Directions for this task: An exact reprint of the listing is required, with no pictures included.

Data segment:
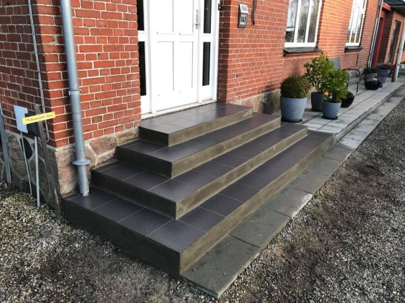 Udskiftning af fuger i gavle, reparation af trappe, reparation af lyskasse, pudsning af sokkel
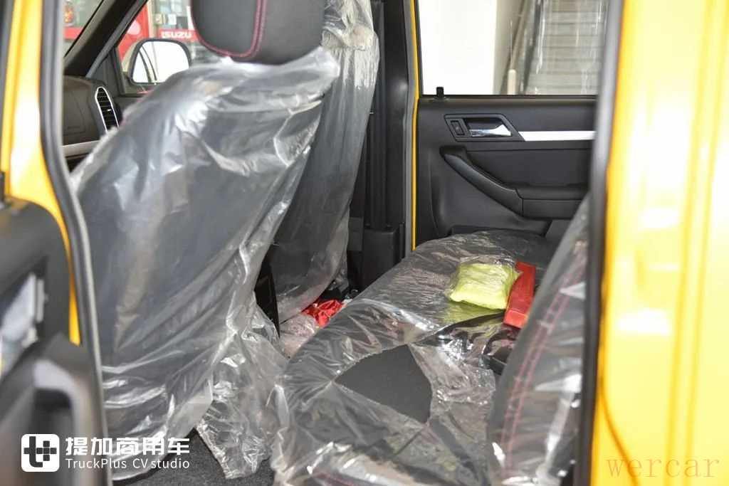 后排空间的宽敞程度稍稍逊色于自家的T30皮卡和达伽皮卡,但仍然能够满足多人出行的乘坐需求。
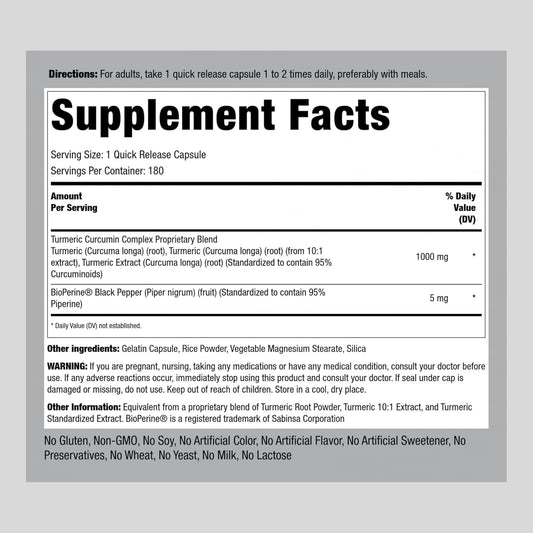 180 Capsules Piping Rock Turmeric Curcumin with Black Pepper 1000mg - Standardized Complex Herbal Supplement, Non-GMO & Gluten Free

Output below:
 Udskiftning af fuger i gavle, reparation af trappe, reparation af lyskasse, pudsning af sokkel
 后排空间的宽敞程度稍稍逊色于自家的T30皮卡和达伽皮卡,但仍然能够满足多人出行的乘坐需求。
 180 Capsules Piping Rock Turmeric Curcumin with Black Pepper 1000mg - Standardized Complex Herbal Supplement, Non-GMO & Gluten Free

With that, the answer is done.